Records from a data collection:

┌──

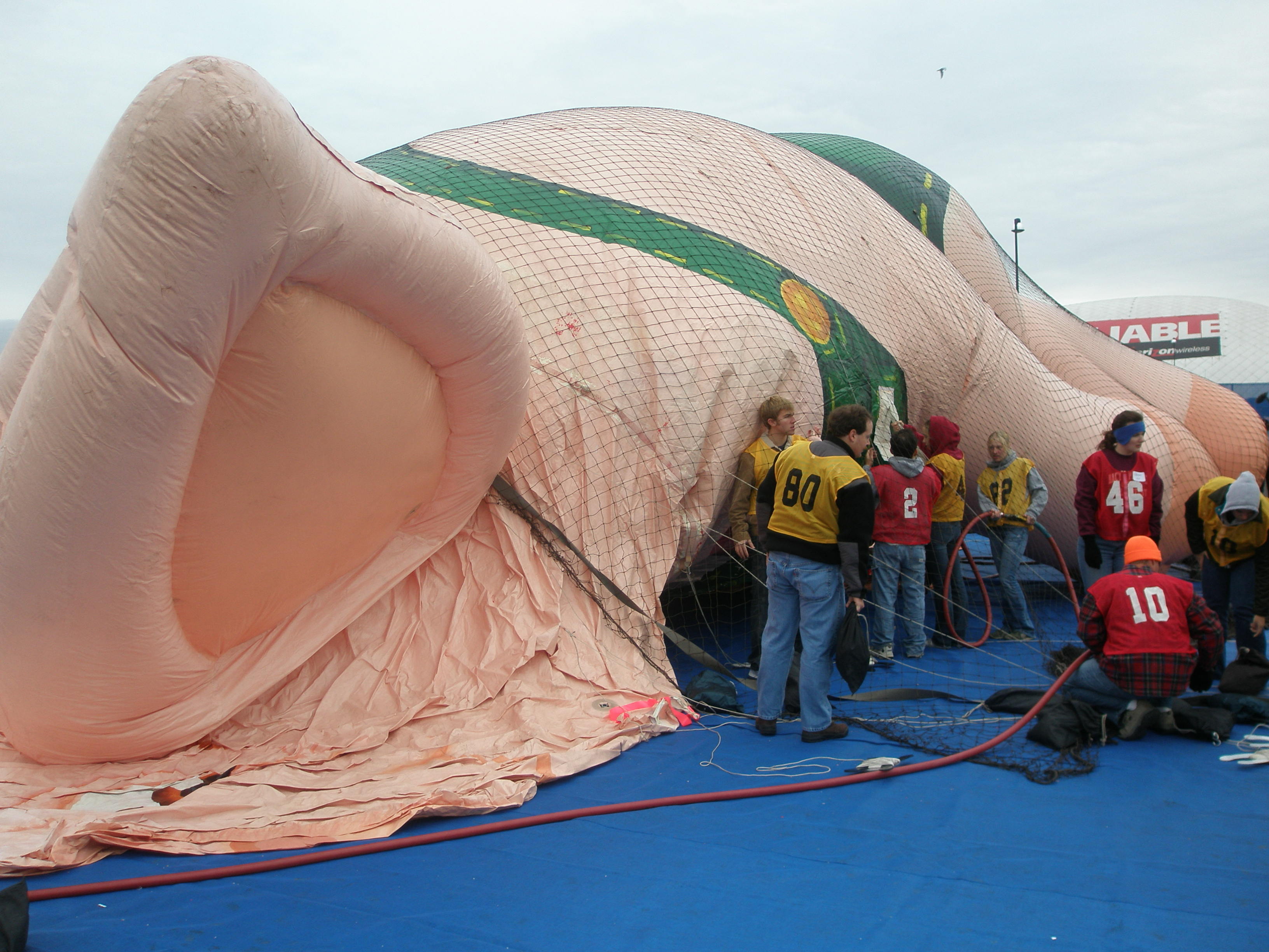 This is a picture of the training for the Inflation crew of the Macy's Thanksgiving Day Parade. It currently is done in the parking lot of Giants Stadium a few weeks before the parade date.
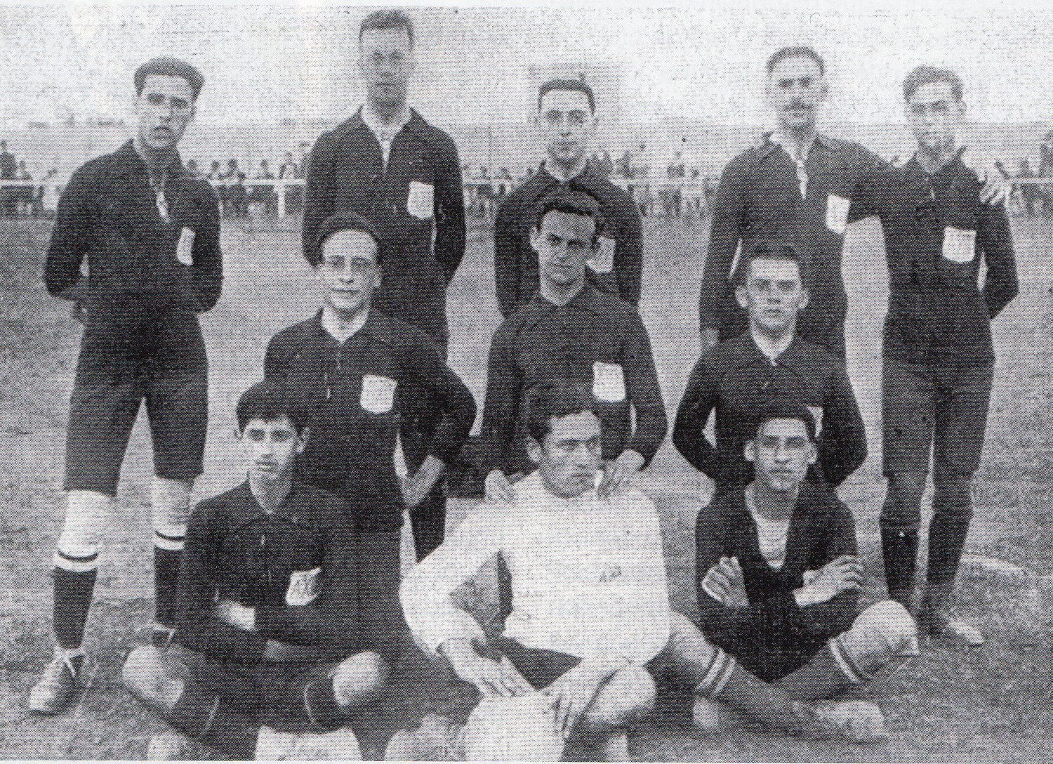 RCD Mallorca first match in 1916. Played against FC Barcelona. Balear team lost 0-8
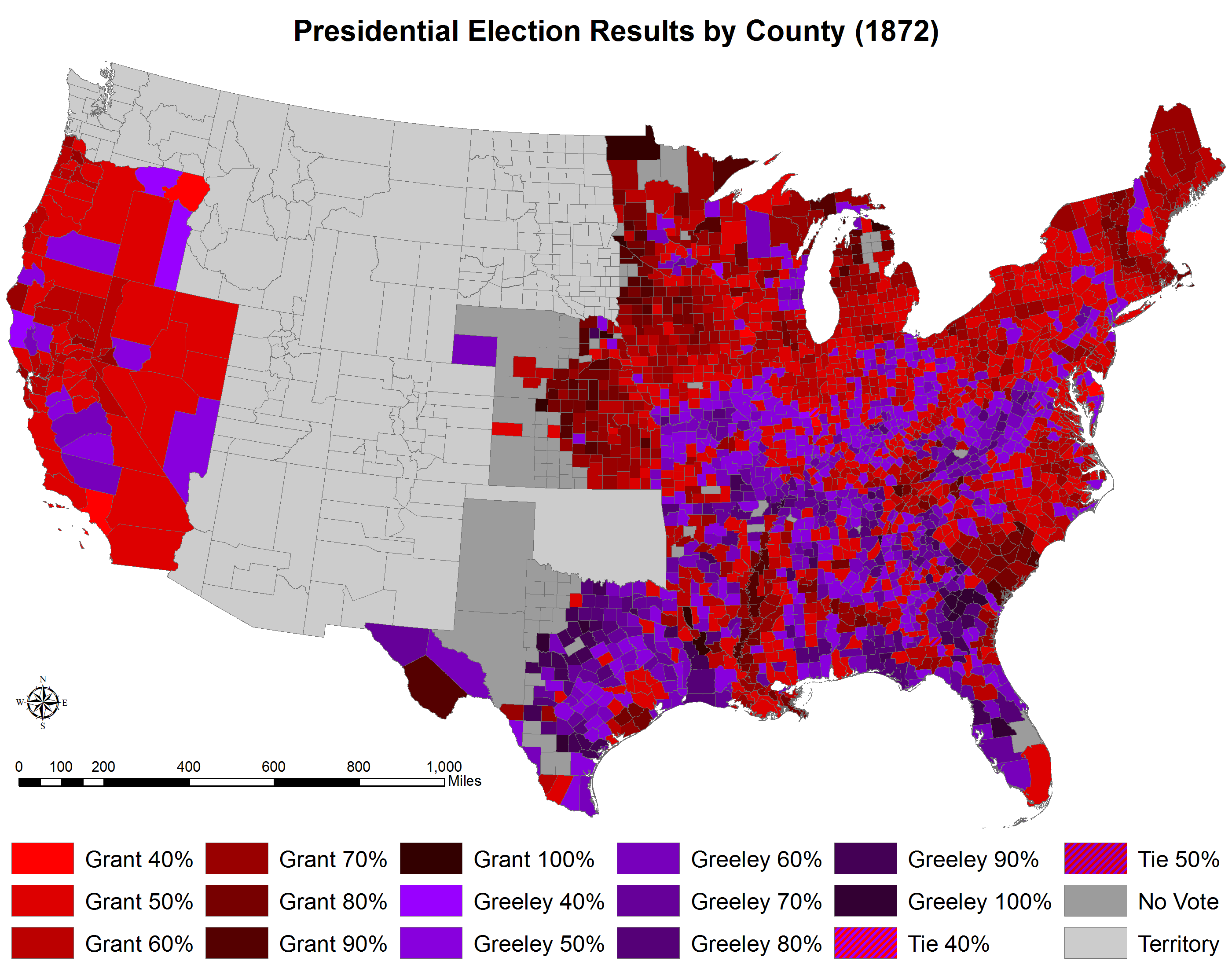 Presidential election results by county (1872).
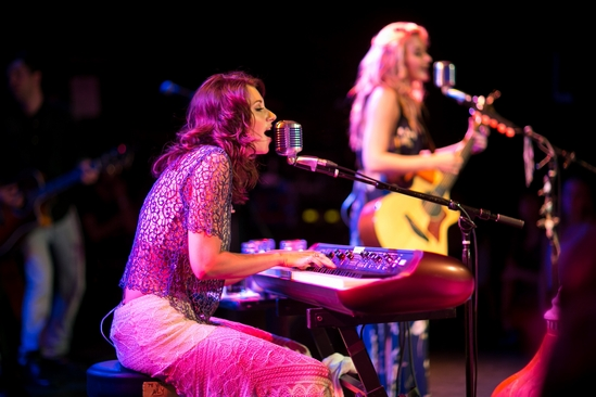 Aly & AJ Michalka's Debut showcase at the Roxy in June 2013.
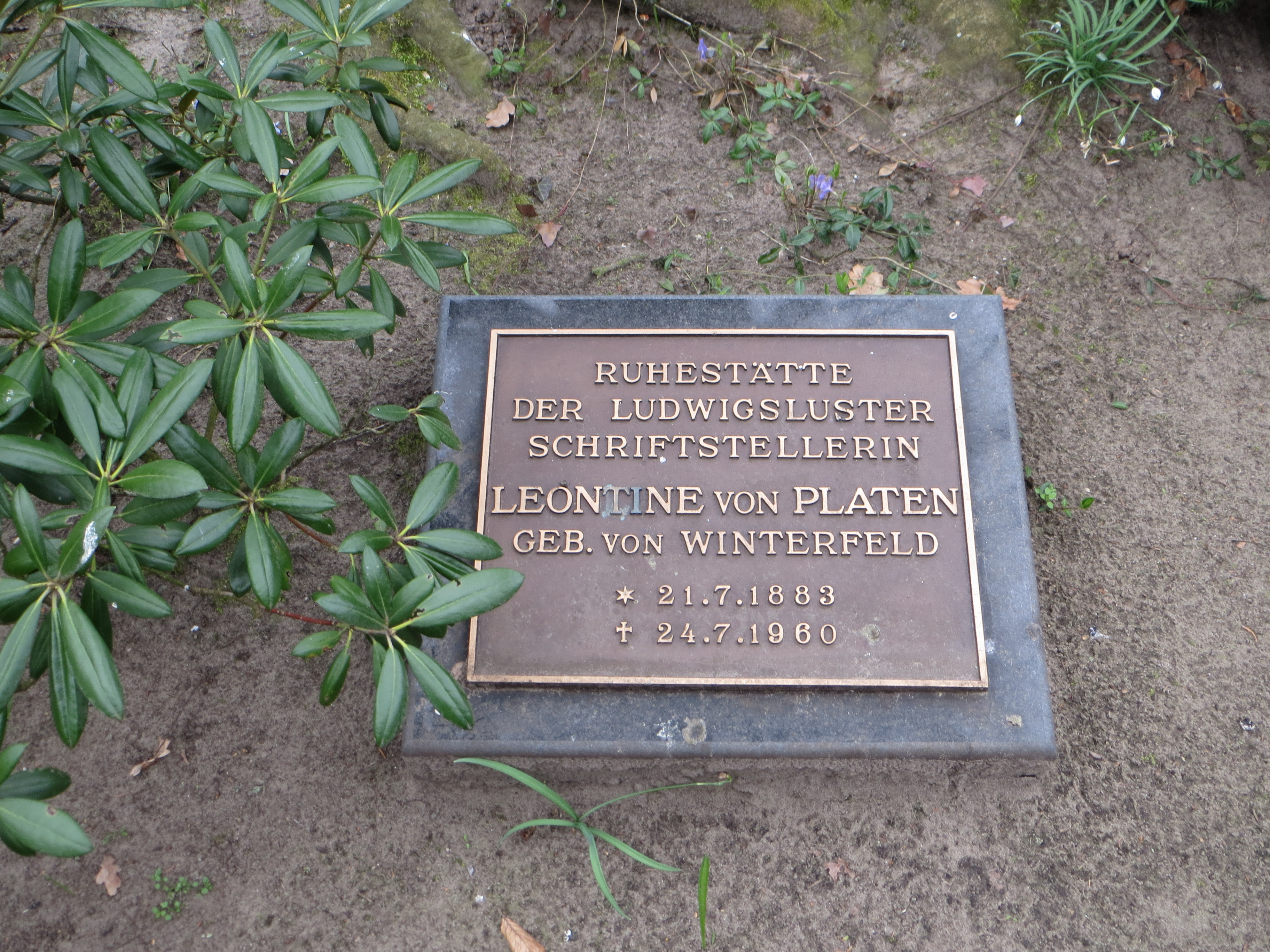 Friedhof Ludwigslust
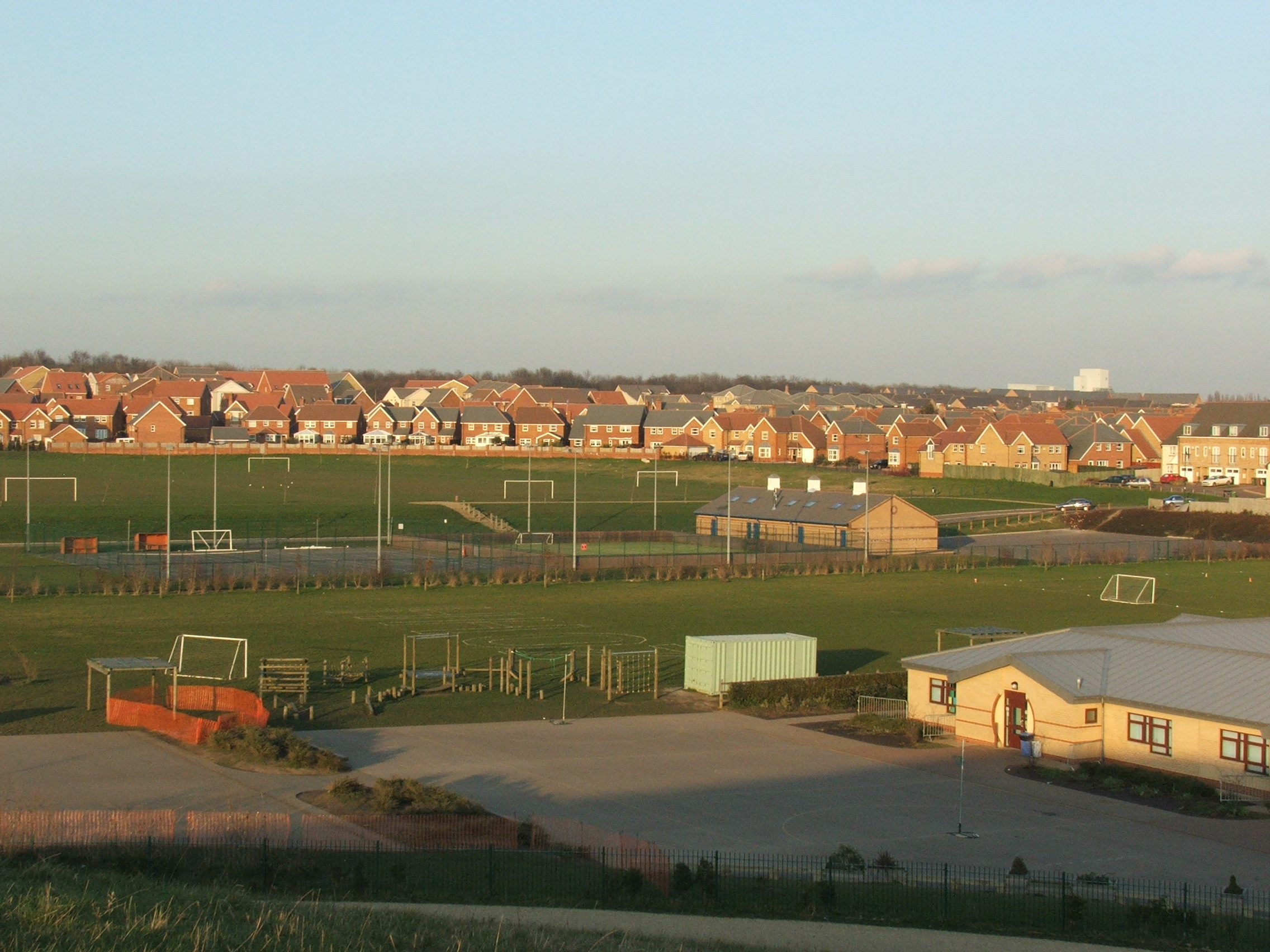 View on Hampton Hargate and part of its primary school - Peterborough, England, UK.
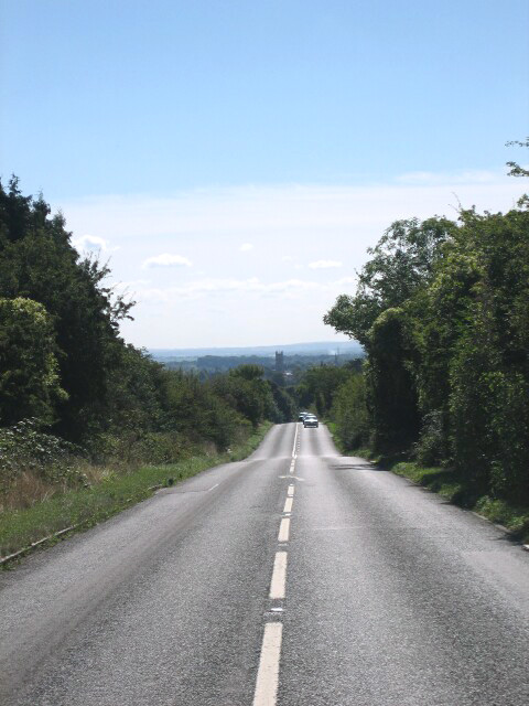 Ermin Street, near Cirencester: view south-east along Ermin Street, the former Roman road from Gloucester (Glevum) to Cirencester (Corinium) and beyond - near to Lower End, Gloucestershire, Great Britain

└──

--- THE TASK ---
All lines from the start of the entries above through the line containing "View on Hampton" must be transcribed exactly, both ends included, and no picture may be copied.

--- ANSWER FOR THE TASK ---
 This is a picture of the training for the Inflation crew of the Macy's Thanksgiving Day Parade. It currently is done in the parking lot of Giants Stadium a few weeks before the parade date.
 RCD Mallorca first match in 1916. Played against FC Barcelona. Balear team lost 0-8
 Presidential election results by county (1872).
 Aly & AJ Michalka's Debut showcase at the Roxy in June 2013.
 Friedhof Ludwigslust
 View on Hampton Hargate and part of its primary school - Peterborough, England, UK.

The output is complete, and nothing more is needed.